How Passwordless Authentication Works

When considering passwordless authentication, many people naturally wonder how it works. While the experience is a bit different than using passwords, it’s quite simple and fast. Users love it because there are no passwords to remember and manage. IT professionals love it because by using the right platform, such as IBM Verify Access, they can take themselves out of the loop of supporting password problems.

Businesses love passwordless authentication because it’s more secure. According to the 2023 IBM X-Force Threat Intelligence Report, 58% of phishing kits sought passwords from users, which a more sought after than credit card numbers.

How Passwordless Authentication Works

While traditional password authentication is based on something you know — your password — passwordless authentication is based on something you have, such as a physical security key that plugs into a USB drive on your computer. Alternatively, a smartphone can be used as a security key.

Instead of logging into providers and services one at a time, typing in a username and password each time, passwordless authentication only requires you to type in your username and touch the security key. That’s it. You now have secure access to any service or software you’ve elected to connect to.

Alternatively, you can use your smartphone as a security key. In this case, after typing in your username, IBM Verify Access uses facial recognition on the phone to authenticate you.

Passwordless authentication can be used across any service that supports FIDO2, which is now a common standard supported by Google, Apple, Microsoft, and most other service providers and software companies.

Passwordless Authentication Provides Better Security

Passwordless authentication is more secure than passwords because passwords can be easily exposed. This is why they’re the gateway to most breaches. With passwordless authentication, there’s nothing to expose. Maybe that’s why Google hasn’t had a breach since it implemented passwordless authentication for its 80,000 employees and contractors more than a decade ago.

The biggest benefit of verifying a person’s identity without using a password is it eliminates phishing as a threat. While organizations invest a lot of money in cybersecurity, phishing still does an end-run around your controls. Unfortunately, this happens all too often, sometimes making headlines and in all cases, disrupting operations. A successful phishing attack can have a severe impact on the business.

Better, More Secure Access for Users

Many organizations have a need to offer privileged access to third parties, such as contractors, suppliers, and business partners. IBM Verify Access includes features to limit the timeframe that third-party users can access your IT resources. If a contractor is working with you for a few months, you can set up access privileges to start and end on specific dates. Or, if you have a technician coming in for service, access can be limited to specific hours.

In addition, you can completely — or nearly completely — eliminate passwords and password managers from your work life, including waiting for IT to reset your password if you’re having an access problem.
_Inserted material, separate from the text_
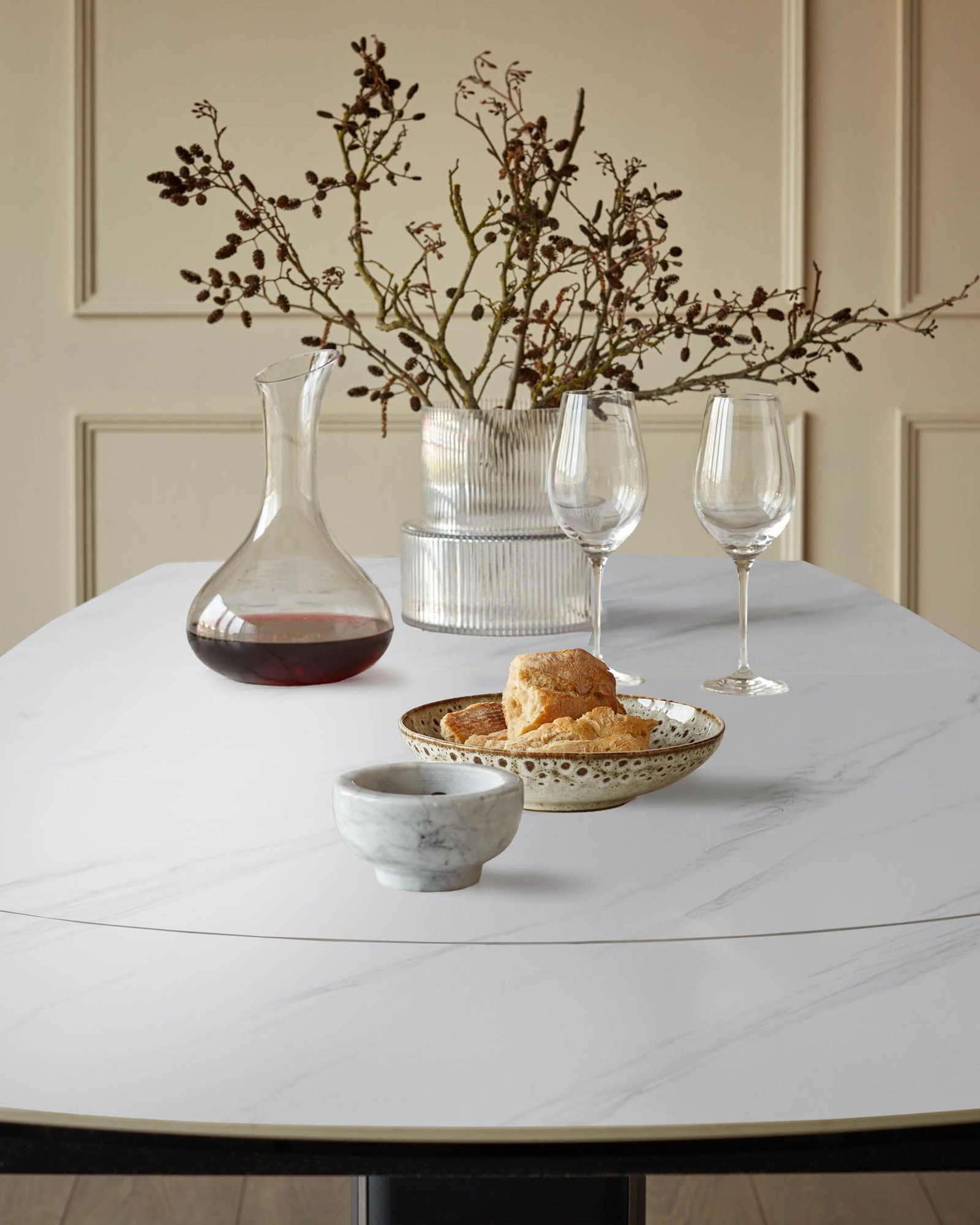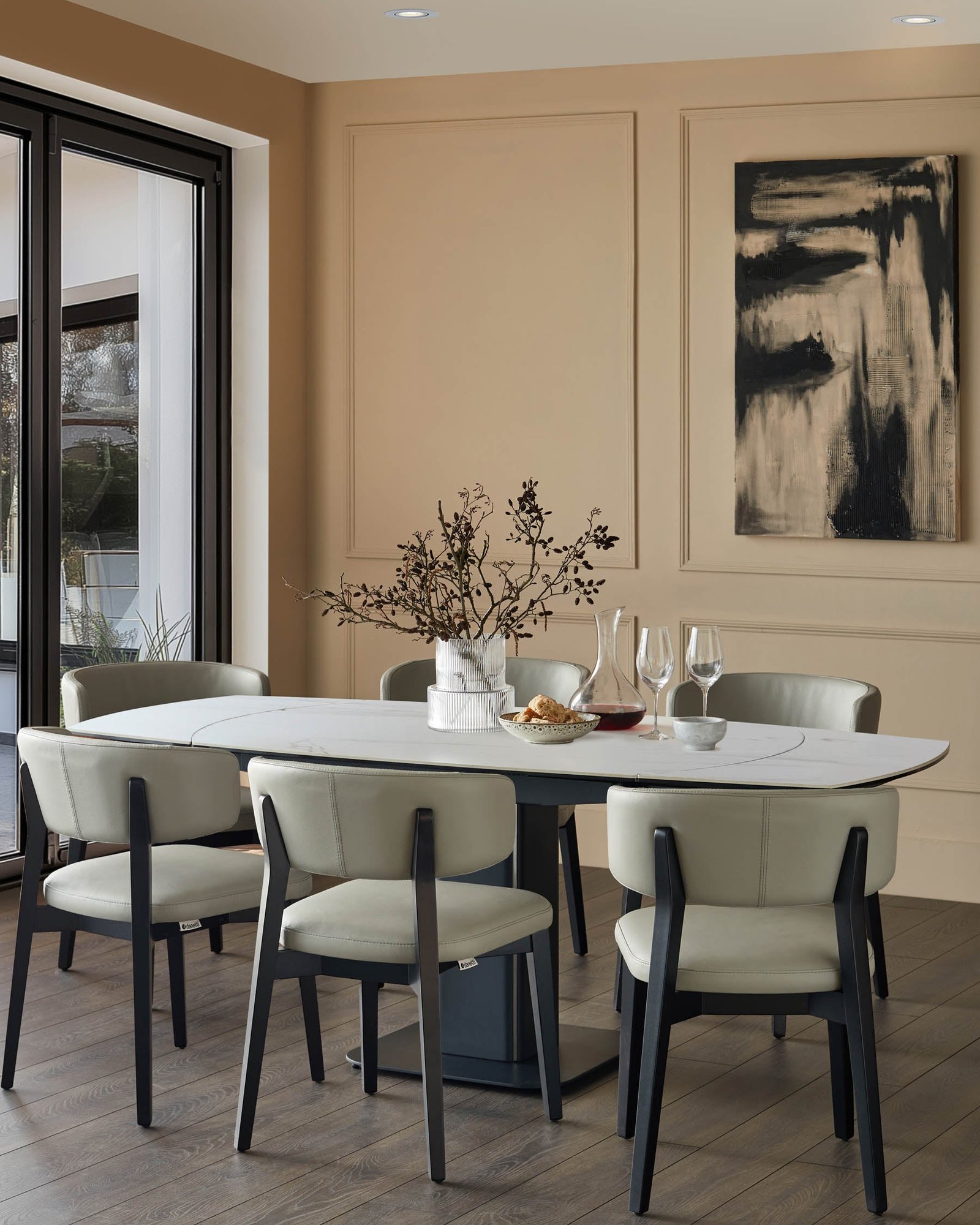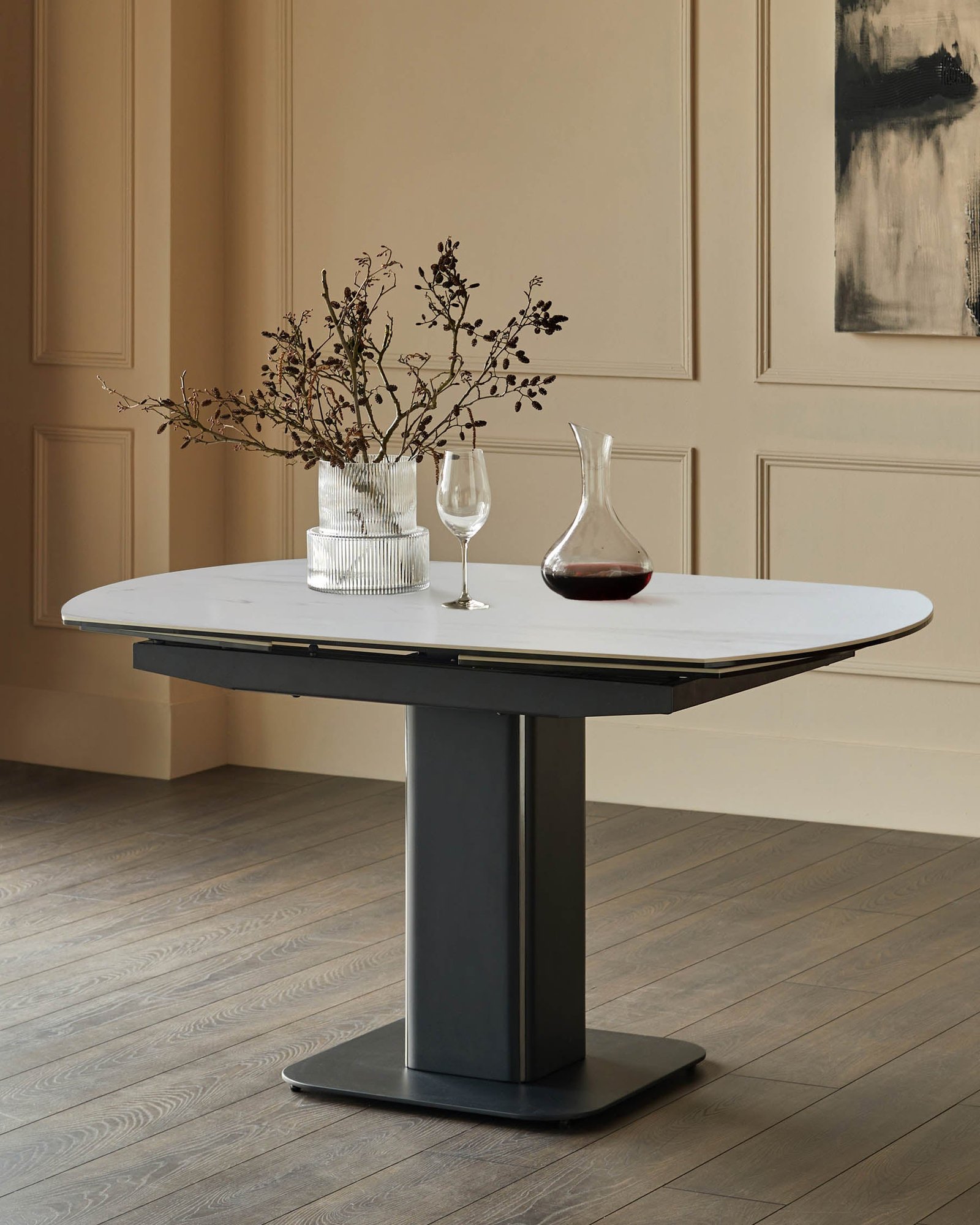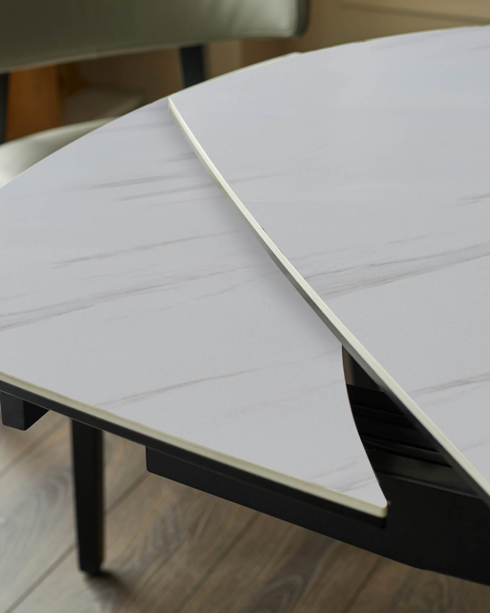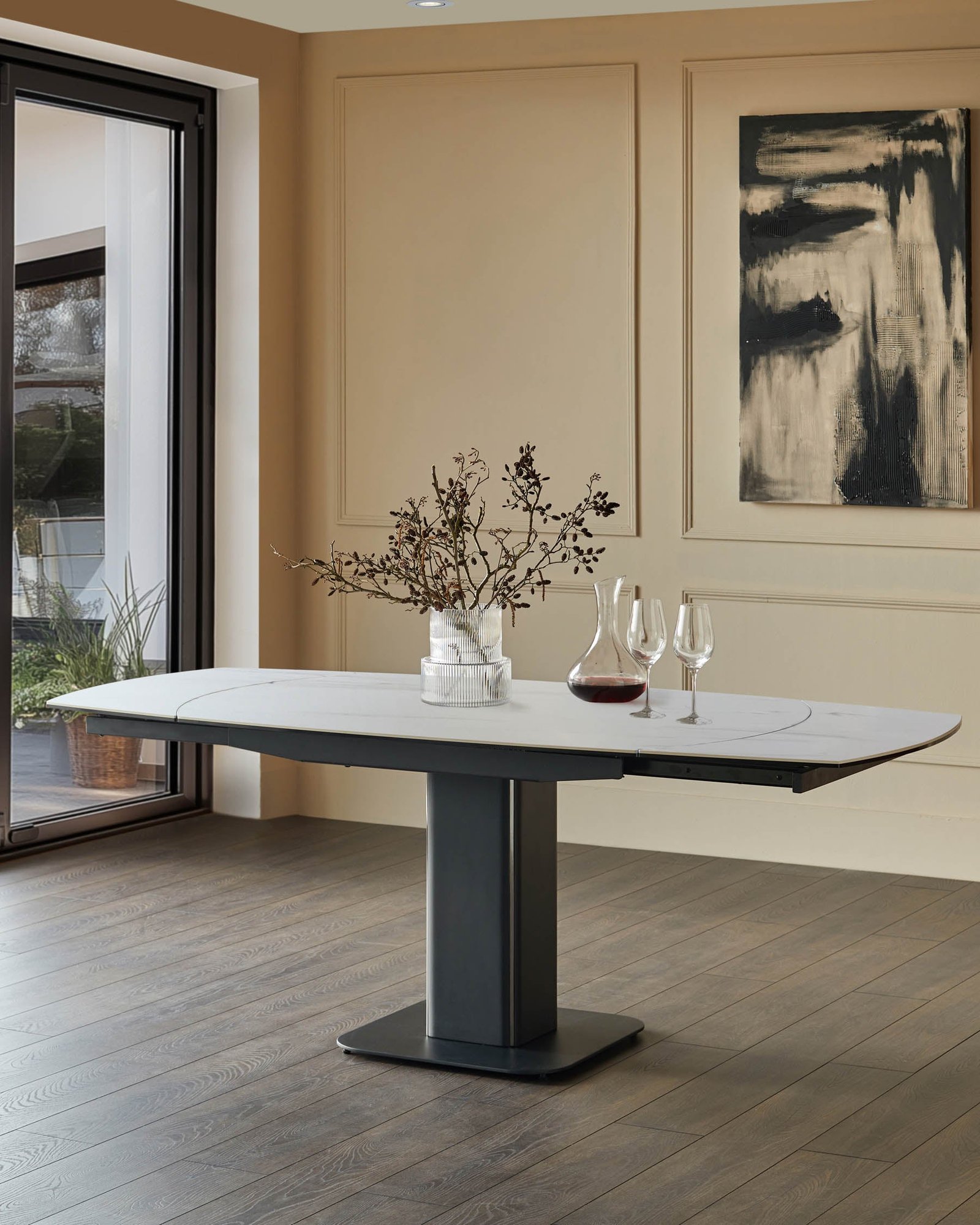 The Fraser white ceramic extending dining table adapts effortlessly to your needs, transitioning smoothly from an intimate 4-seater to a spacious 6-seater with its innovative rotating mechanism. The oval ceramic tabletop features a subtle marble-like pattern that brings refined texture to your dining space, while the heat and scratch-resistant surface handles everything from morning coffee to dinner parties with ease.

Other user benefits include the ability to:

• Remotely lock access to your computer using a smartphone
• Access computers when offline, such as when on an airplane
• Scan a QR code to securely gain access to any shared computer, which is common for airlines, retail, and other industries.

Less Work for IT

Passwordless authentication also eases the burden for IT. Because users select the resources they want to connect to through a self-service portal, they don’t have to rely on IT personnel to handle this. So, most organizations see a reduction in support tickets for authentication issues, helping to cut costs and enable IT professionals to focus on other matters.

New Legislation Mandates Passwordless Authentication

If eliminating phishing as a threat isn’t a big enough motivation for going passwordless, governments in Canada and the United States have legislation in place or in the works to make passwordless authentication mandatory for critical infrastructure industries such as banking and financial services. For example, under Bill C-36 in Canada, banks and financial institutions are no longer allowed to use SMS or tokens to authenticate users starting in 2025.

This is in response to the current geopolitical situation in Europe, where governments are working to protect critical assets that may come under attack by thousands of state-sponsored hackers in China, Russia, Iran, North Korea, and many other countries, who are constantly working to compromise Canadian businesses.

Reduce Risk Now

Passwordless authentication turns out to be a win-win-win for users, IT, and the organization as a whole. With less friction between the user and their resources, employees can be more productive. With fewer service tickets and management tasks, IT personnel can attend to other matters. And with no possibility of a phishing and ransomware attack, organizations expose themselves to significantly less risk.

And if you’re moving to hybrid cloud, implementing passwordless authentication now with IBM and ITSAFE will simplify identity and access management and help you reduce risk sooner rather than later, when it may be too late.